Composition of secure multi-party protocols. A comprehensive study. (Q1407493)

Multi-party protocols consider the scenario where several parties wish to jointly compute some function. Such a protocol is secure if it does not reveal anything beyond what is necessary (privacy) and each party receive its correct output (correctness). The book studies security of multi-party protocols under composition, i.e. when more protocols run in succession or simultaneously. The initial chapter introduces the problem of multi-party protocols and security properties; describes possible adversarial models and types of protocol compositions; and summarizes new results presented in the book. Three technical chapters follow. The first one deals with the composition of authentication Byzantine agreement. The protocol securely simulates a broadcast channel within a point-to-point network, and is the key tool in the design of secure protocols for multi-party computation. The author shows that the problem of achieving secure broadcast is strictly harder when composition is allowed.
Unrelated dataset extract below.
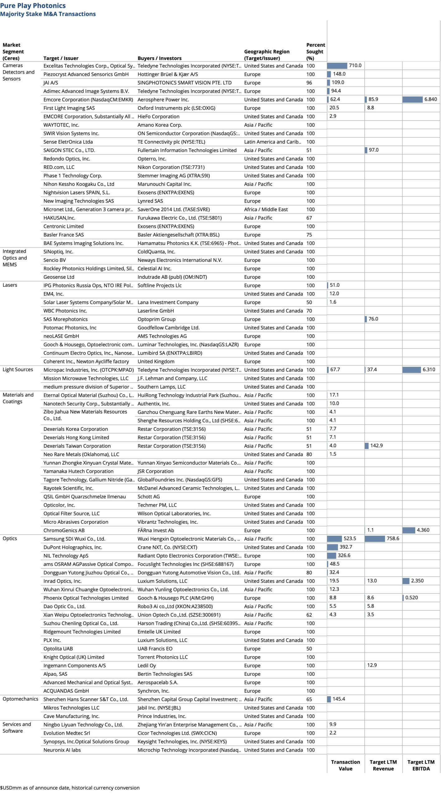 Han’s Laser Technology Industry Group Co., Ltd. sells 65% stake in its optical scanning system solutions business to investors for $145M. Gooch & Housego sells its optoelectronic components and laser modules business to Luminar Technologies, Inc. and divests EM4, Inc., supplier of optoelectronics modules for $12M. The British government acquires struggling Newton Aycliffe factory from Coherent Inc. to secure domestic manufacture of gallium arsenide semiconductors for military technology. Synopsys, Inc. sells its Optical Solutions Group to Keysight Technologies, Inc. to obtain regulatory approval for its proposed $35B acquisition of ANSYS, Inc. IPG Photonics Corporation sells its Russian subsidiary in a management buyout for $51M, finalizing its exit from Russia after imposed Ukraine war trade sanctions. Emcore Corporation continues to restructure with divesture of its discontinued chips business line to HieFo Corporation for $2.9M. ams OSRAM AG sells its Passive Optical Components to Focuslight Technologies Inc. for $49M. Excelitas Technologies Corp. sells select aerospace and defense electronics businesses, including Qioptiq® Optical Systems and Advanced Electronic Systems to Teledyne Technologies Incorporated. Samsung SDI Co., Ltd. divests Samsung SDI Wuxi Co., Ltd., supplier of polarizing display films, for $524M, to focus on high growth markets for next-generation semiconductor materials and OLED technology. Amplitude Technologies SA divests its Continuum nanosecond laser product line to Lumibird SA. Hoya Corporation divests its 46.57% stake in AvanStrate Inc., manufacturer of glass substrates for LCD’s.

Using unique identifiers to solve the problem is discussed. Lower bounds for the composition of deterministic protocols are presented as well. In Chapter 3 it is shown that if the definition of secure computation is slightly relaxed (``computation with abort''), one can construct secure protocols without using Byzantine Agreement, and, as a result, multi-party protocols in a point-to-point network that remain secure under self composition can be achieved for any number of corrupted parties and without a broadcast channel. The last chapter deals with the problem whether the secure multi-party computation remaining secure under general composition can be achieved for any number of corrupted parties, considering an asynchronous multi-party network and an adversary that can adaptively corrupt as many parties as it wishes. Several secure multi-party protocols are presented.